Горло моё немного прошло, в голове просветлело, но накатил ужасный голод, он просто пожирал меня изнутри. Стараясь не думать об этом, я побежала к остальным и тоже попыталась попрошайничать. Только ребята шарахались от меня и старались держаться подальше: хоть я и была сестрой Али, как бродяжка доверия не вызывала, а значит, отпугивала клиентов. «Тебе надо ещё немножко запаршиветь», – шутливо объяснил Али.

Одна из девочек, получив пару банкнот, тайком убежала и вернулась, облизываясь, как сытый котёнок. Только тут я увидела, что на ней мои тенниски. Я побоялась потребовать их обратно, так как не знала здешних правил.
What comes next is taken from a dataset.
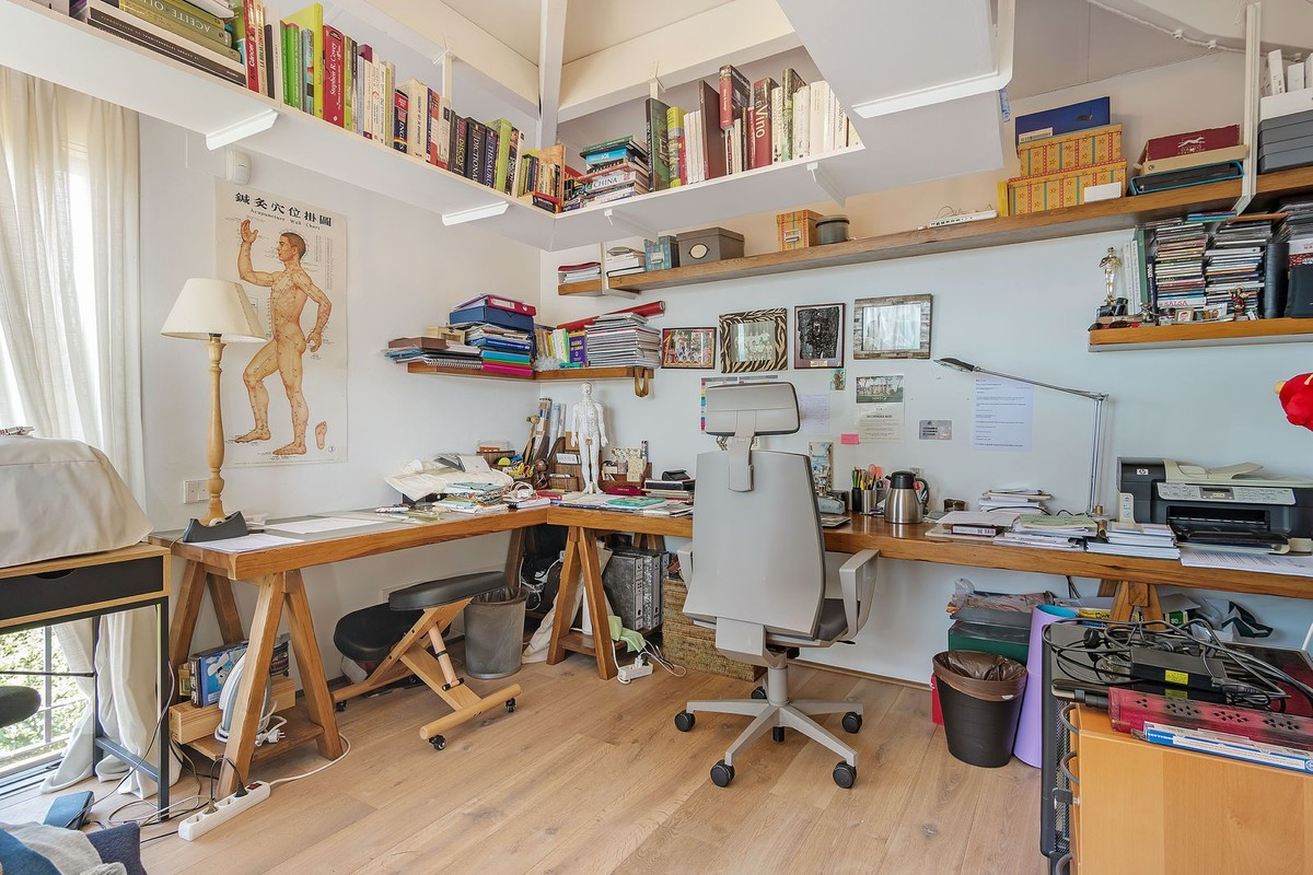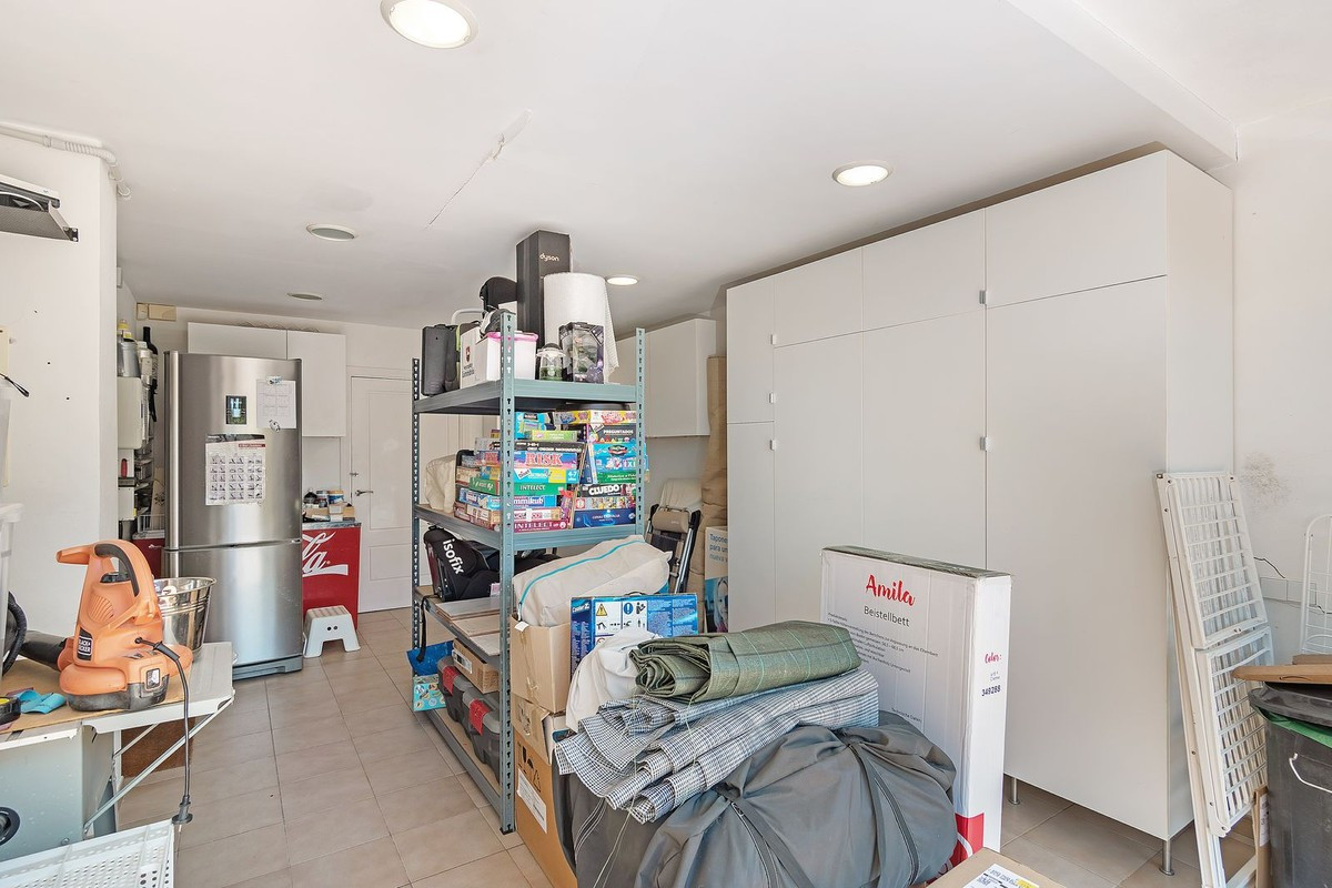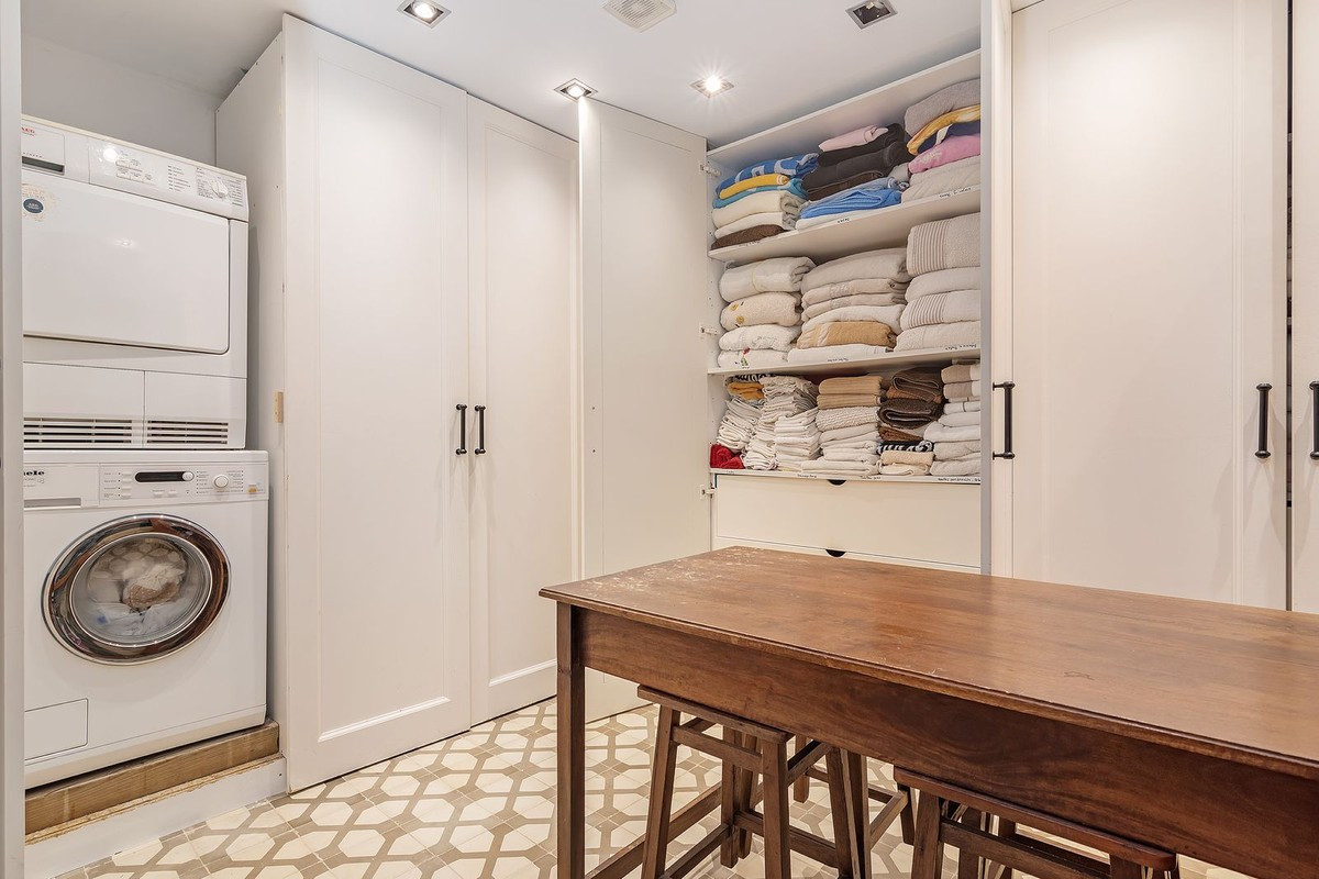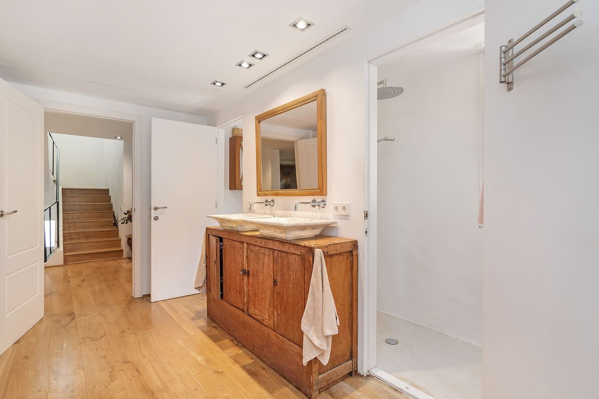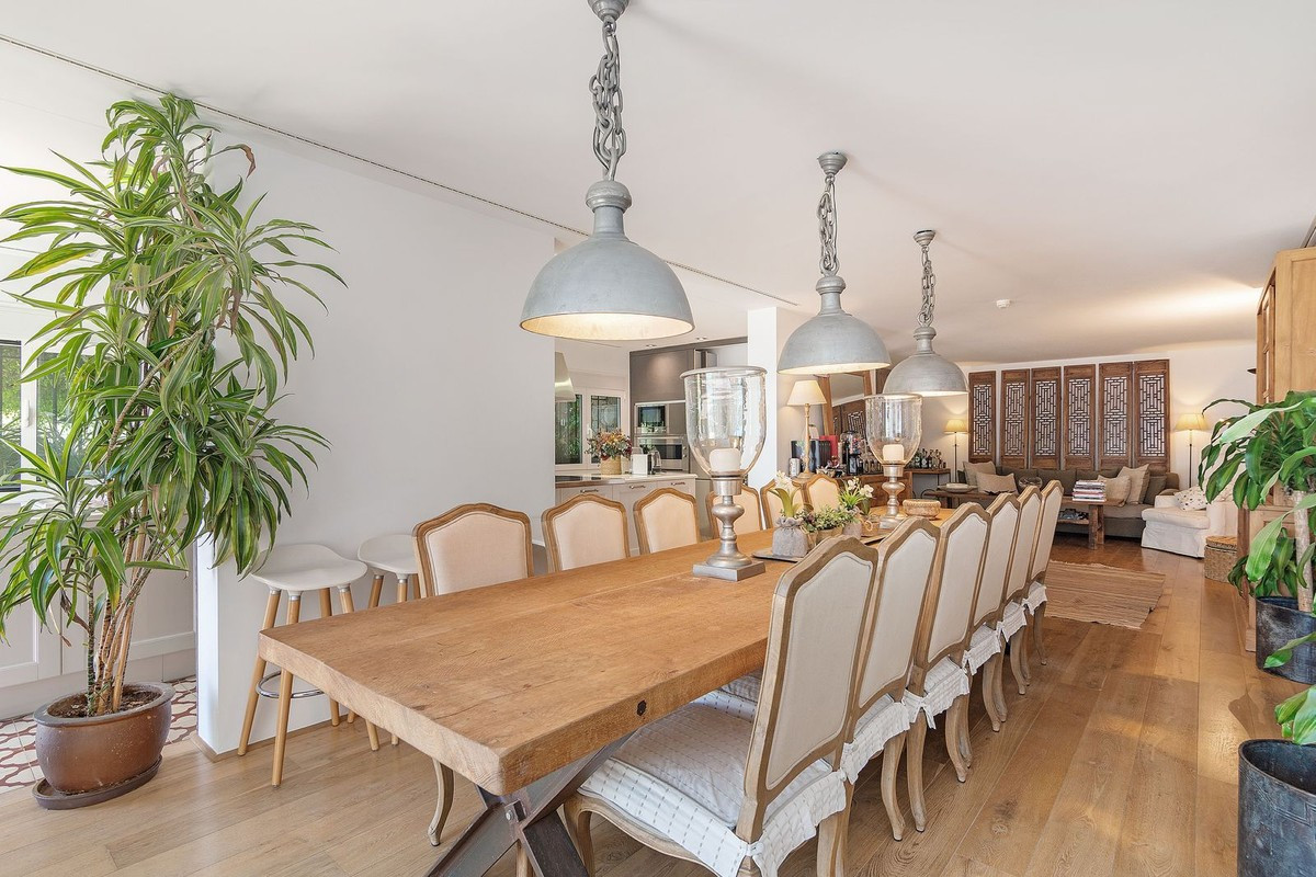Floor 1 : You can access this floor through the main entrance, down the wooden stairs or from the garden through numerous sliding doors that open to the patio and garage. On this floor, you will find a hall, a guest toilet, a large workshop, a storage room and a garage. There is also a lounge with a fireplace and doors opening onto the terrace and garden. A large living room and a spacious kitchen fully equipped with high-end appliances. The living room, kitchen and dining area together measure a total of 70 square meters, and both the kitchen and dining room have access to the outside through sliding doors.\n

– Не расстраивайся, сестрёнка, – сказал на ньянджа Али. – Вот появится другая новенькая, я стяну с неё тенниски и подарю тебе. – Он говорил с такой убеждённостью, словно всю жизнь был бродяжкой.

– Я есть хочу, – робко сказала я.

– Послушай, сестрёнка, – вдруг очень серьёзно сказал Али. – Если будешь говорить на английском, тебя побьют. Так что воздержись.

Пока горел зелёный свет, мы дурачились возле дороги, но стоило зажечься красному, каждый нёсся к выбранной им машине и жалобно канючил: Нипемпако тандизо[79]. Я уже так проголодалась, что было не до гордости. Я быстро перенимала у ребят их повадки, но пока ничего не «заработала».

– Что ты тут отсвечиваешь? Только неудачу приносишь, – не выдержал один из мальчишек, когда я оказалась слишком близко от него.

Пришлось отойти подальше и ждать следующего красного света.

Когда в остановившейся возле меня красной «Тойоте Старлет» я увидела за рулём женщину, чем-то похожую на маму, рука сама потянулась к стеклу.

– Нипемпако тандизо, – отчеканила я только что выученную фразу. Женщина удивлённо повернулась ко мне, сдвинув на лоб солнечные очки, опустила стекло и просунула сквозь щёлочку новенькую хрустящую банкноту в пятьдесят тысяч квач. Я взяла деньги, радостно улыбаясь. Мой первый заработок.

– Спасибо большое, – выдохнула я, но женщина, похожая на маму, уже уехала. Издав радостный вопль, я зажала деньги в кулаке и побежала на рынок, где купила себе два фриттера. Я вспомнила про Али и остальных, лишь когда проглотила последний кусок. Когда я вернулась к ребятам, они так на меня посмотрели, что я сразу поняла, что сделала что-то не так.

С этого момента мне пришлось осваивать новые правила выживания на улице.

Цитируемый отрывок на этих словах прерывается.